3"-4" of dirt piled up on top then I covered the whole area with decorative bark





The opening to the burrow faces a covered area where the BBQ sits. Unless you stand in the corner by the BBQ, you can't tell it's there.





The clearance is about 9" and remember it's 3' long





And he fits in there just swell 





Walking in to check it out...(well hobbling in. I took his wheel off so it doesn't clog with dirt)






I know this burrow is _far_ from perfect. It's not even that pretty and I like my turtle stuff to be pretty :shy:
But using nothing but scraps and what I thought was an ugly brick planter to begin with....at least now he has an "underground" retreat to cool off in. He doesn't care what it looks like, as long as it works. 

The temps outside are in the 90's today.

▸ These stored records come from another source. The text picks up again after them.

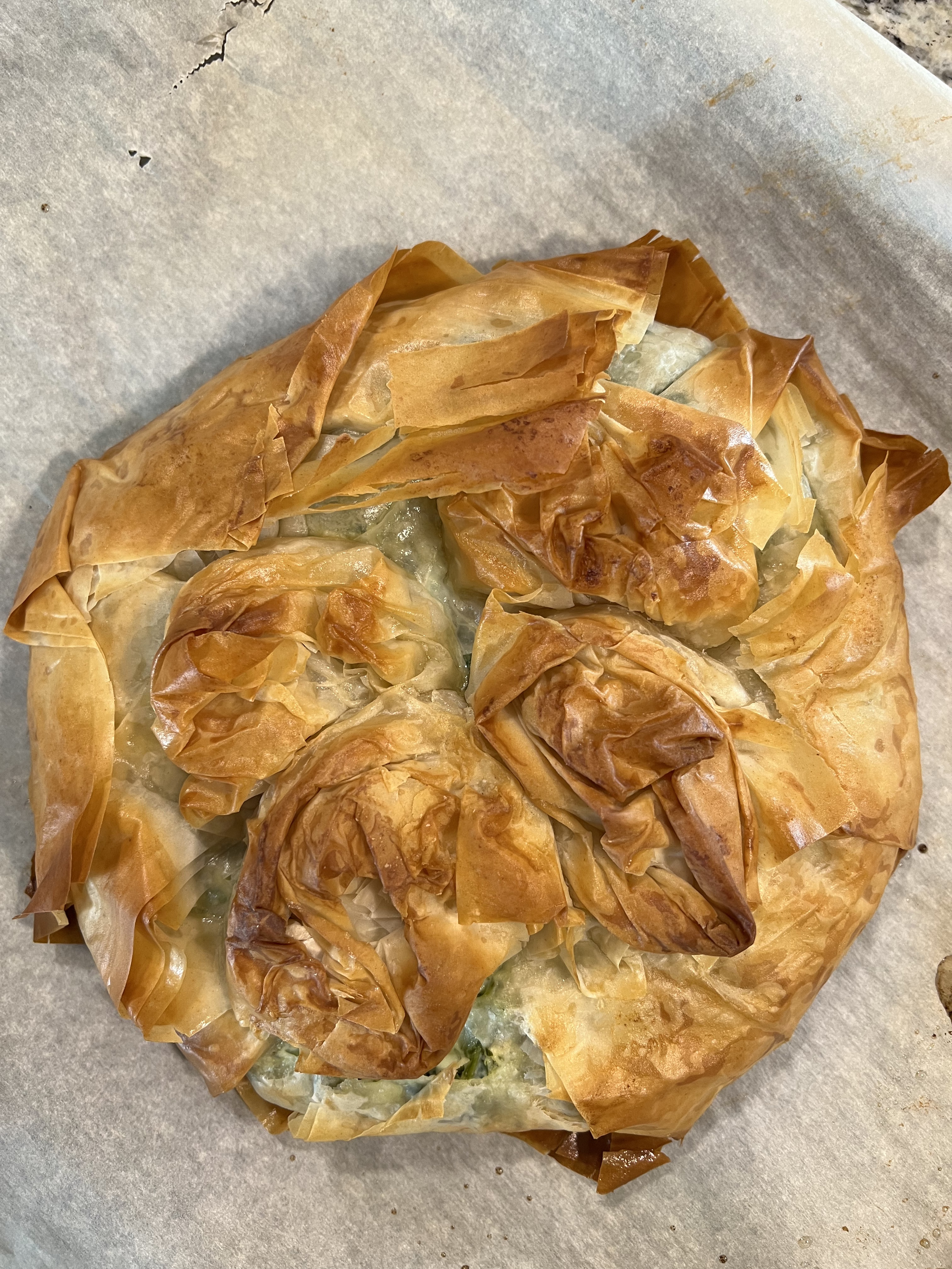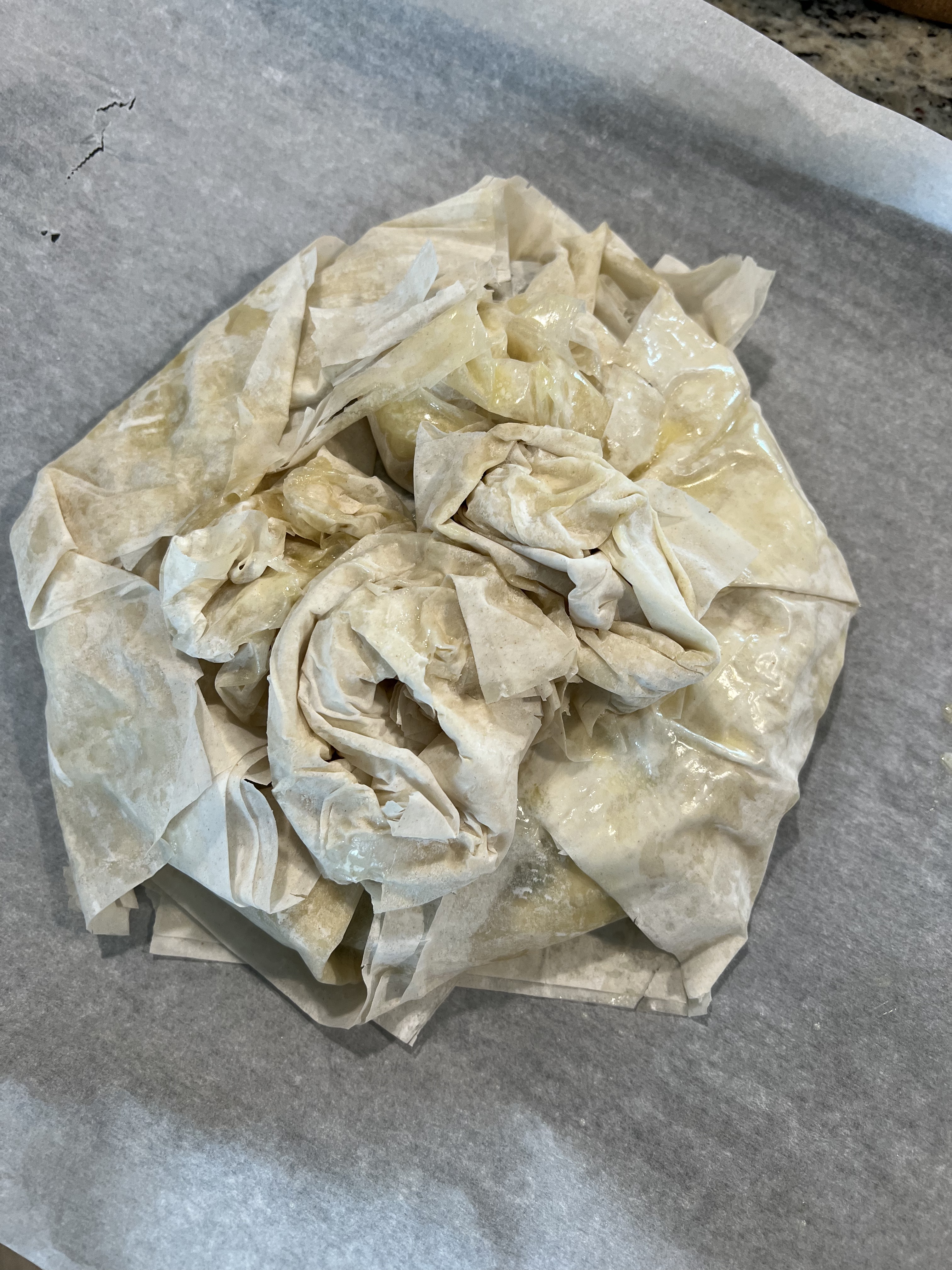 - I used Half Baked Harvest’s method of creating a star with the phyllo dough sheets and crinkling extra phyllo on the top: I love the look of the pie and her site has more instructions and step by step pictures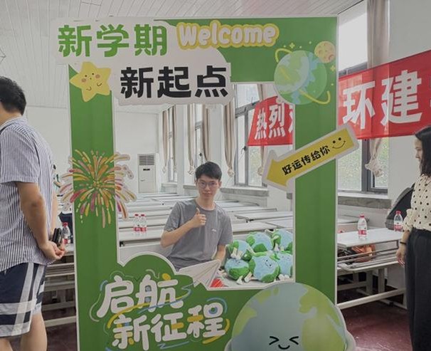 在井然有序的报到流程之后,新生们手持精心设计的环建主题手举牌在立体合影墙前定格瞬间。背景墙巧妙融合了环保主题与迎新元素,志愿者用相机为每名新生拍摄专属入学照,成为新生们开启环建之旅的第一份实体记忆。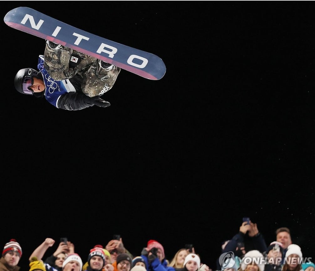 Lee Chaeun of South Korea performs during the final of the men’s halfpipe snowboarding event at the Winter Olympics at Livigno Snow Park in Livigno, Italy, on Feb. 13, 2026. Photo: Yonhap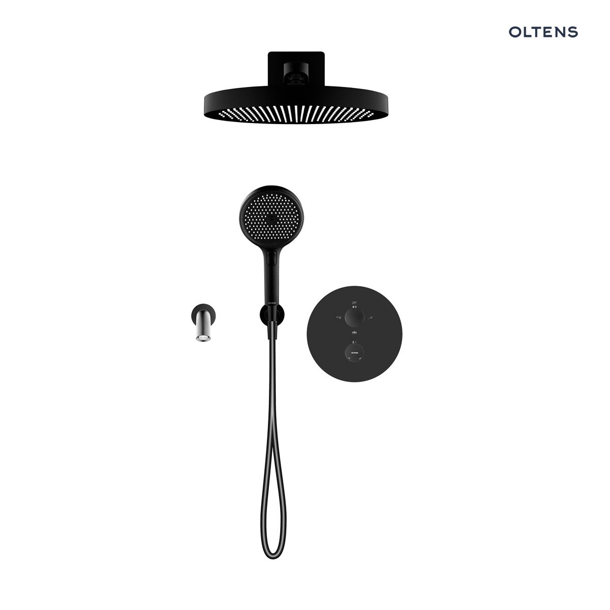 Obsah sady Oltens Katla set podomítkové vanové a sprchové baterie s dešťovou sprchou Regna a 3funkční sprchovou hlavicí Luva EasyClick, matná černá 36067300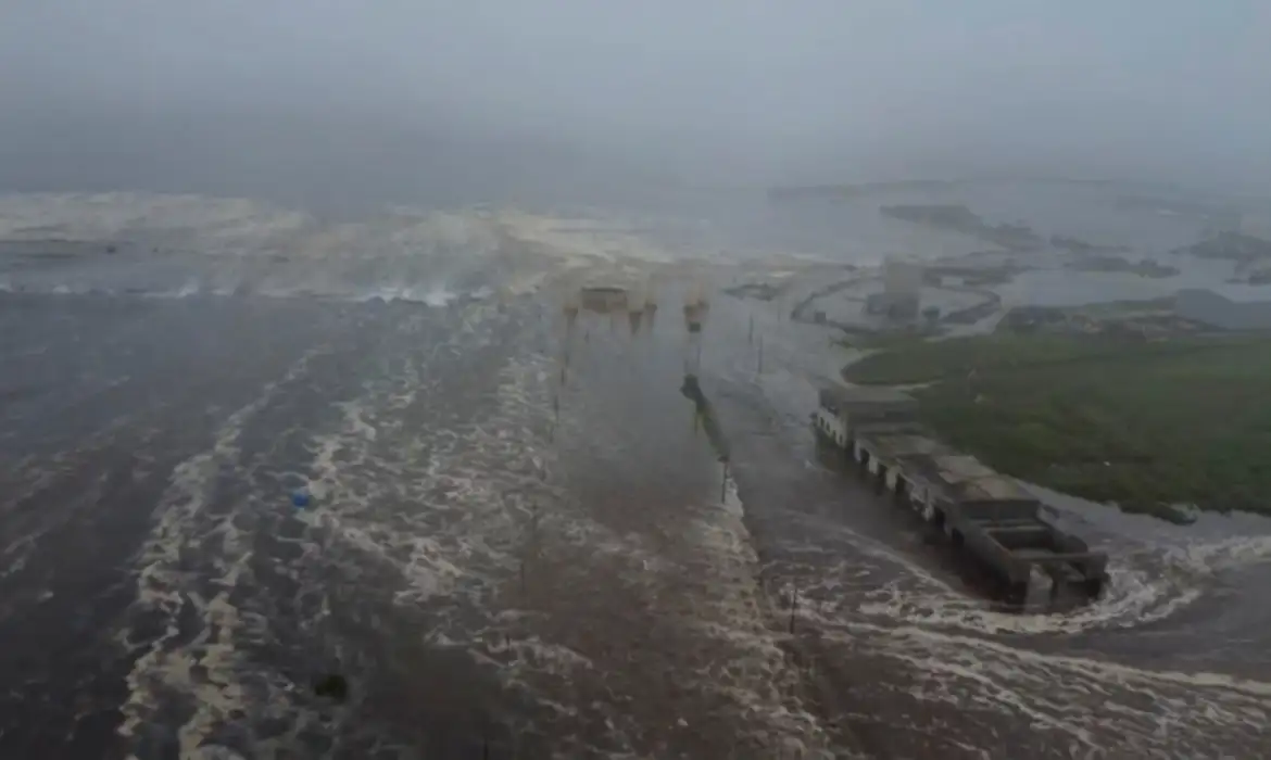 Imagens verificadas de drones mostraram que toda a costa da cidade estava submersa, com prédios mais altos e algumas instalações de armazenamento cercadas pela água.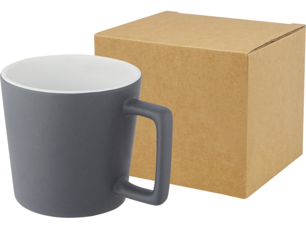 Керамическая кружка с современным дизайном и матовой отделкой. Объем 370 мл. Можно мыть в посудомоечной машине (все способы декорирования). Поставляется в подарочной коробке из переработанного картона. Керамика.
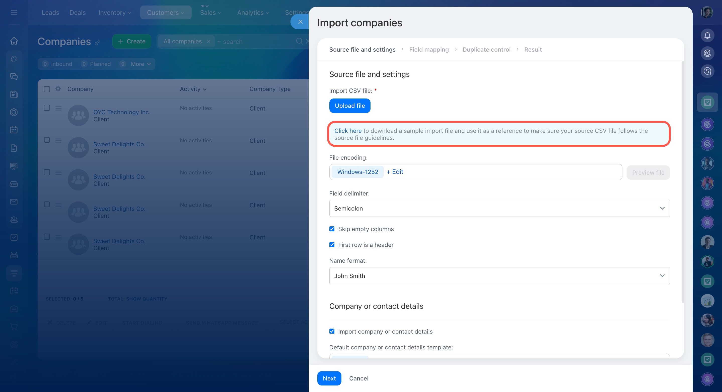 - Go to CRM > Customers > Companies. Click Settings (⚙️) and select Import companies.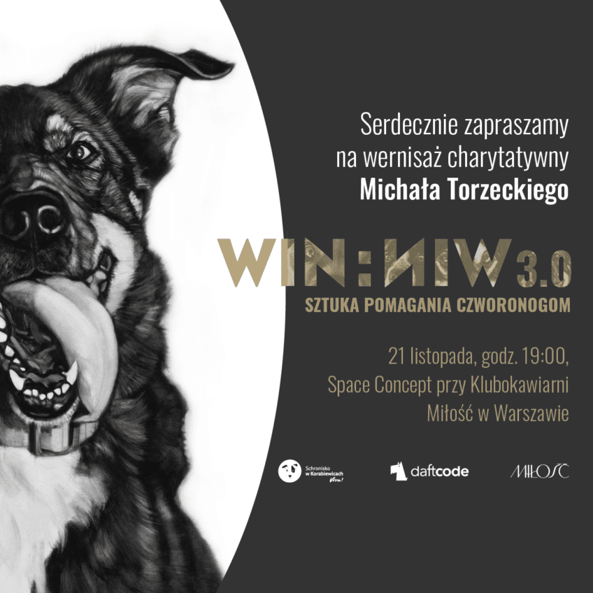 Jesteś miłośnikiem zarówno psów, jak i sztuki? Zatem 21 listopada (czwartek) nie może cię zabraknąć w Przestrzeni Space (wejście od pl. Dąbrowskiego 8)! To już trzecia edycja wernisażu Michała Torzeckiego Win:Win 3.0., na którym będziecie mogli zobaczyć portrety 12 psów ze Schroniska w Korabiewicach. Na wydarzeniu będą również obecne sportretowane zwierzaki, znajdujące się pod opieką fundacji Viva! Akcja dla Zwierząt.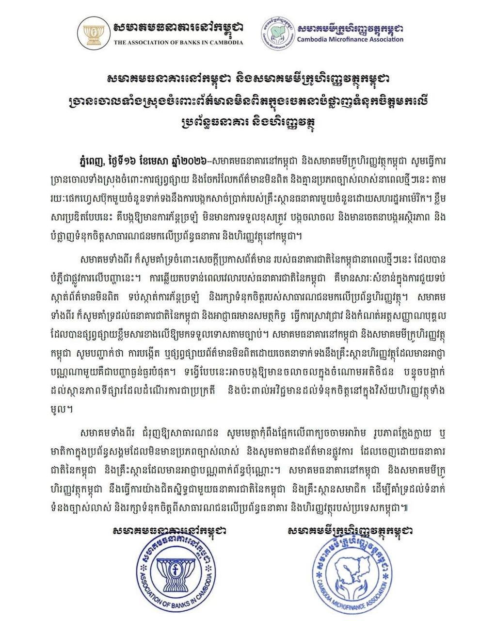 សមាគមធនាគារនៅកម្ពុជា និងសមាគមមីក្រូហិរញ្ញវត្ថុកម្ពុជា ច្រានចោលទាំងស្រុងចំពោះព័ត៌មានមិនពិតក្នុងចេតនាបំផ្លាញទំនុកចិត្តមកលើ ប្រព័ន្ធធនាគារ និងហិរញ្ញវត្ថុ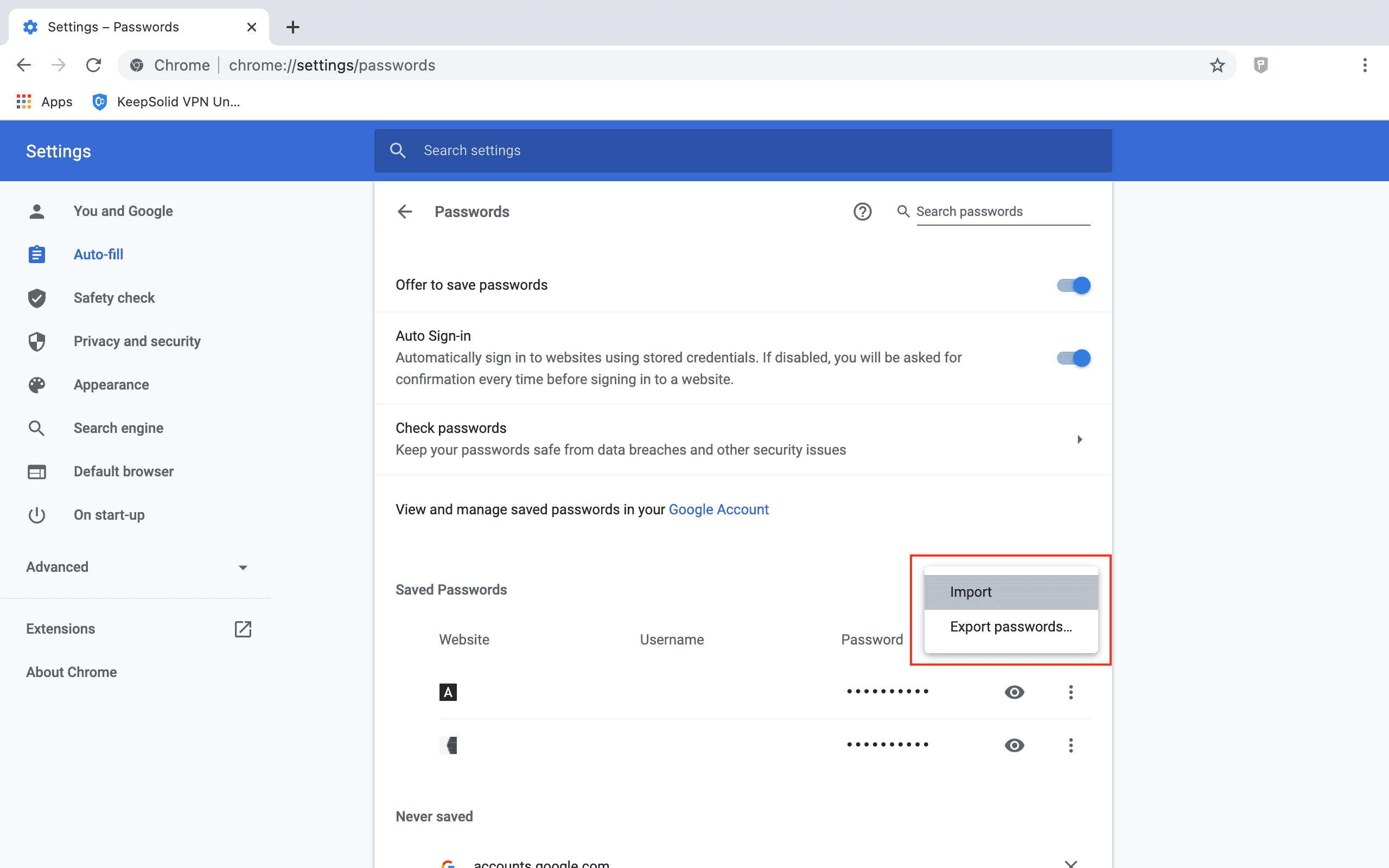 6. Open the Kebab menu next to Saved Passwords and select Import.

At noon I used my temp gun to check the concrete- 115F and the entrance to his new burrow- 66F. Now that 4 hours have passed since it finished I should go temp it again. But I'm fairly confident that this will work for us, for him.

..I'll keep ya posted 

After hard work on a hot day, what better way to relax than watching a Desert tort play in the sprinkler and drink from a puddle??


----------



## ascott (Apr 10, 2014)

That is FANTASTIC Heather


----------



## wellington (Apr 10, 2014)

Heather, you did a fantastic job and even laid the bricks properly, you should be very proud of your work. I'm sure he loves it and it will work great for the both of you.


----------



## Team Gomberg (Apr 10, 2014)

Thanks gals. I wanna do right for this guy :shy: poor thing had been through more than we will ever know!

I did go temp it right now. The burrow is still 66-68F and I know the weather has cooled a bit due to cloud cover. He was sitting in the entrance with a shell temp of 81F

I pulled him out and he is grazing on the grass.


----------



## kathyth (Apr 10, 2014)

Heather..... You go all out! I love it!
The burrow is cool and I will definitely save thus thread. 
Thanks!


----------



## Team Gomberg (Apr 11, 2014)

86F today at 2pm and the burrow is 62F.. Pretty cool huh?  (pun intended lol)


----------



## bouaboua (Apr 13, 2014)

I love the idea for the burrow. I need to find a place for my Sulcata. 

I also like the close-up photo of your CDT. What a beautiful Torts. Thank you for sharing it.


----------



## Yvonne G (Apr 13, 2014)

Very nice! May I ask why you have tarp on the side of your house? (inquiring minds not only want to know, we need to know!)


----------



## Team Gomberg (Apr 13, 2014)

oh the tarp... how I dis like the tarp! 

There is a chain link fence right there. The guy who lived here before us (we rent) put up the tarp up to cover his "less than professional" DIY fence job.. The tarp is ugly but what is behind it is even uglier, trust me!! lol

I set up that brick planter with the intention of growing a tall shrub to cover it!! But that changed and I just have the palm there... It's an ugly planter in front of an ugly tarp that is over an ugly chain link fence that shows through to the neighbors very ugly trash pile yard...  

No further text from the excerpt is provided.